I'm new here, so please excuse my noobish first post. I'm not normally one to jump into forums and ask for help on the first post, but as I know so little about watches, I'm not sure I can contribute much to other threads...yet!

So I am looking at my first serious watch, with a budget of around $2,000 - $2,500. I'm happy to buy used too.

The watches that I have been considering is the Bell & Ross 126 and the Montblanc TimeWalker Chrono.

I've been able to find out a bit about the B&R on this forum already, but not much info on the MB.

I was wondering if anyone had any direct experiences with these two watches? Are they in a similar league to each other? Is there one you would choose over the other? (I guess thats a bit loaded being on the B&R section here)

anyway, any thoughts or musings much appreciated!

Love
bombwithrobots


----------



## CFK-OB (Oct 15, 2007)

I have handled many B&Rs and have the 123 myself. I have also looked at a lot of Montblanc watches and I think you'll find that both are quite similar in quality. The cases are very well made on both wathces and the movement of both are pretty much stock ETAs. It really comes down to personal preference and I'm sure you'd be happy with either. 

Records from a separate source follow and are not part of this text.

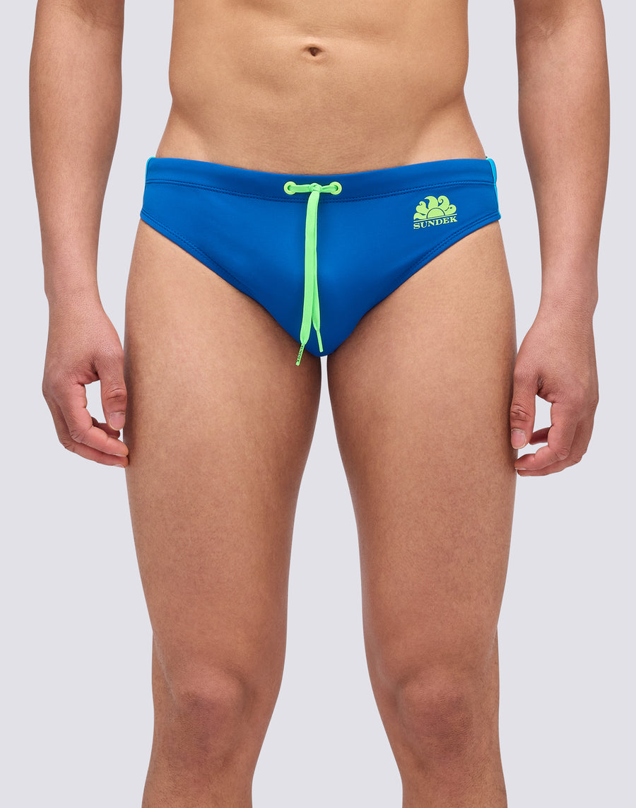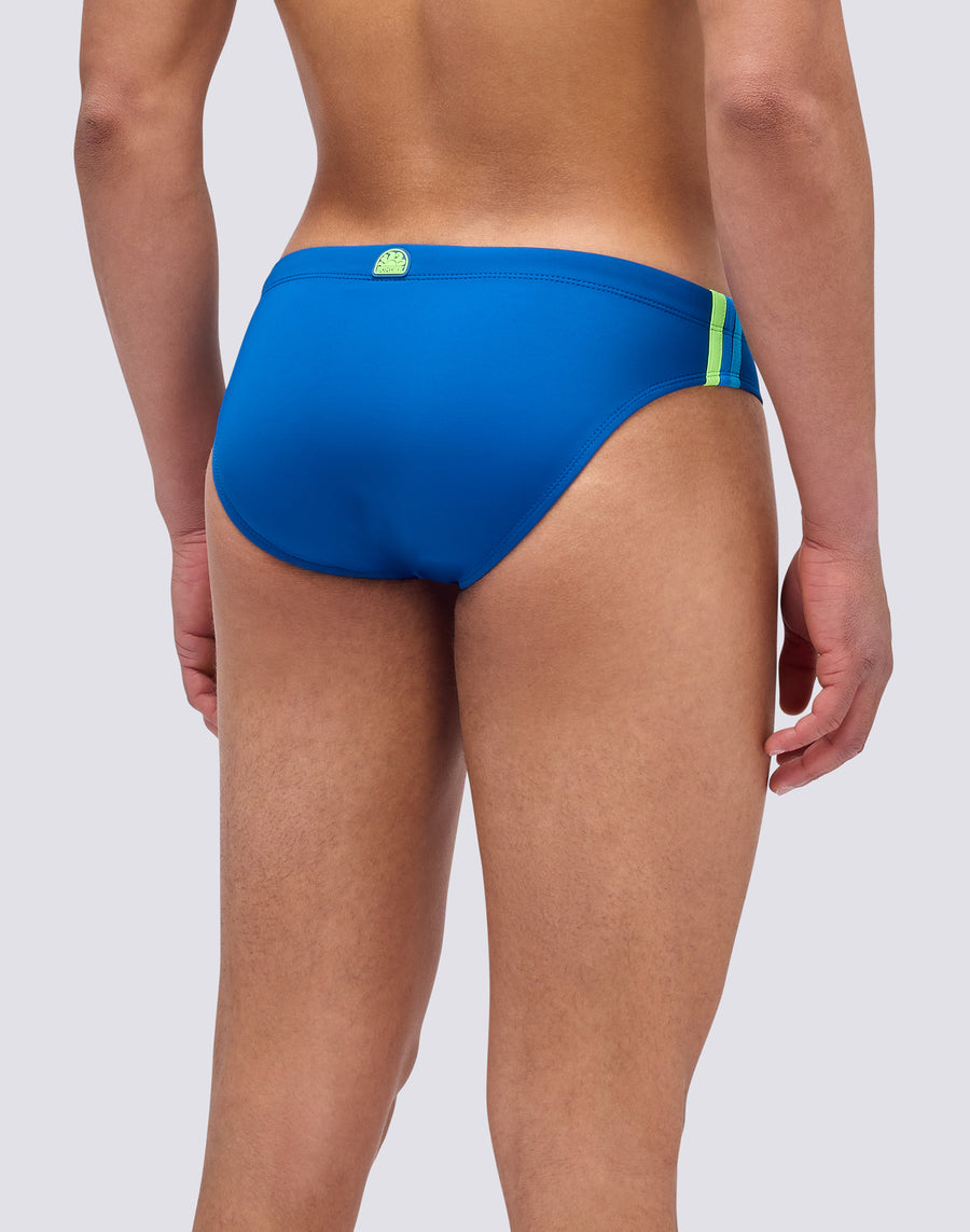 Solid color men's swimsuit briefs with adjustable waist. The monochrome swim briefs with drawstring and three contrasting colored side bands for a strong and functional look. It dries quickly and gives you comfort and durability in and out of the water: wear it for swimming and training and when you rest and sunbathe.
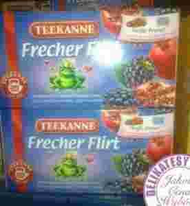 ORYGINALNĄ HERBATĘ expresową TEEKANNE NOWOŚC FRECHER FLIRT KLASYKA HERBAT OWOCOWYCH ZAWIERA 20 SASZETEK HERBATY KAŻDY PO 2,75 GRAMA NETTO TO 20 SZTUK 55g pysznej, intensywnej, aromatycznej herbaty 1 sztuka to około 200 ml napoju.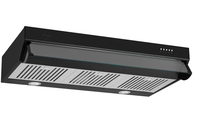 Colores disponibles: acero inoxidable, blanca, negra, el flujo de aire es hasta 220m3/h, iluminación LED 3 velocidades con botón, pulsador, 1 Pieza de filtro de carbón, 2 filtros de aluminio lavables, potencia del motor 130Watts, alimentación 110V-120V – 60 Hz.

In the two you have selected, the B&R has a lovely retro feel, hence they are in the Vintage line for B&R. The Montblanc is a much more modern looking watch. I prefer the B&R, but I am somewhat biased to the Vintage line.


----------



## StephenD (Feb 22, 2010)

I think the Bell Ross has a lot more coherent design and the legibility is top notch with pure white hands on black dial. The MB hands look like silver. Nothing wrong with that but this is an important difference. Not many watches go with all white hands. Also I don't like the big Arabic numerals on the MB and how they are laid out at an angle, looks messy to me. How big is the MB? I have the BR you are showing except in all black, it is small by modern standards (maybe 38-39 mm) but this is actually a plus for me. The lack of bezel makes it look bigger than it is.


----------



## petenyc (Nov 23, 2006)

bombwithrobots said:


> Hey guys,
> 
> I'm new here, so please excuse my noobish first post. I'm not normally one to jump into forums and ask for help on the first post, but as I know so little about watches, I'm not sure I can contribute much to other threads...yet!
> 
> ...


Based on the section drawing in the background it seems that he Bell & Ross design is more your style. IMHO go for the BR.


----------



## b0unce (Aug 12, 2010)

I actually just purchased a brown faced B&R Vintage 126XL and I've gotta say it's gorgeous and feels robust. I might be biased as well but go for the B&R you won't be disappointed!


----------



## akira23 (Dec 15, 2009)

I would go with the B&R 126, I've been to the Montblanc store in Orlando and they are nice watches, but the B&R to me is more appealing....Good Luck on your decision!


----------



## 77deluxe (Jun 17, 2007)

126 is great looking.


----------



## jhelms54 (Jun 1, 2010)

I once had a B&R 120. Since it is quartz I can only speak to the look and feel. 

Classic styling which will last forever. Oddly enough the buckle is really cool because it has a & that jumps off it which is very unique. The 2 large second hands are also a different feature that adds to the dial.

I ended up selling it because I wanted other watches but I really wish I still had it.


----------



## franky85 (Jun 27, 2010)

have you checked out the new vintage models? I think they are even more awesome .. they don't look as "old" as the one you posted, even more timeless and the dial is so very clear in design like the dials of the square models. since the MB is such a modern design (which is also great but to me not really comparable) I assume the watch doesn't have to look old.. 

I'm no expert yet either but since the movements are both ETA and both brands are known to make quality watches that should be no point of concern..


----------



## akira23 (Dec 15, 2009)

Agreed, it all comes down to taste!


----------



## henri (Dec 26, 2010)

Since I own a Montblanc Timewalker chrono I'm inclined to prefer the MB! I like the more clean and modern look over the BR. But I've recently also looked at a BR model and have to say they are also very nice and wellmade watches! Then again when I want vintage I'll wear my Zenith


----------